Using an isolation forest for classification

In [None]:
from sklearn.ensemble import IsolationForest
#create a simple dataset
X = [[-1.1], [0.3], [0.5], [100]]
#train the model on the dataset
clf = IsolationForest(random_state=0).fit(X)
#predict the class of the following examples 
clf.predict([[0.1], [0], [90]])

# **Isolation Forest for Anomaly Detection**

In [None]:
from sklearn.datasets import make_classification
from sklearn.model_selection import train_test_split
from sklearn.metrics import f1_score
from sklearn.ensemble import IsolationForest
from matplotlib import pyplot

**Create an imbalanced dataset**

In [None]:
X, y = make_classification(n_samples=10000, n_features=2, n_redundant=0,
n_clusters_per_class=1, weights=[0.999], flip_y=0, random_state=4)

In [None]:
trainX, testX, trainy, testy = train_test_split(X, y, test_size=0.5, random_state=2, stratify=y)

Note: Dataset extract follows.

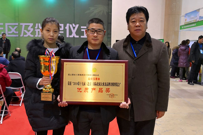 新年伊始,萬(wàn)象更新,公司 “鹽田玉”大米再獲重量級(jí)榮譽(yù)。在 2018第十九屆(北京)國(guó)際優(yōu)質(zhì)大米及品牌雜糧博覽會(huì)上,我公司鹽田玉香米經(jīng)過(guò)產(chǎn)品品質(zhì)檢測(cè)、品嘗、營(yíng)養(yǎng)分析等程序?qū)徍?,完全符合評(píng)獎(jiǎng)要求,在600多家參展企業(yè)中脫穎而出,被授予“優(yōu)質(zhì)產(chǎn)品獎(jiǎng)”榮譽(yù)稱號(hào)。

**Create and train an IsolationForest model**

Train on the majority class only. 

The amount of contamination of the data set, i.e. the proportion of outliers in the data set. Used when fitting to define the threshold on the scores of the samples.<br>

The contamination should be either default or in the range (0, 0.5].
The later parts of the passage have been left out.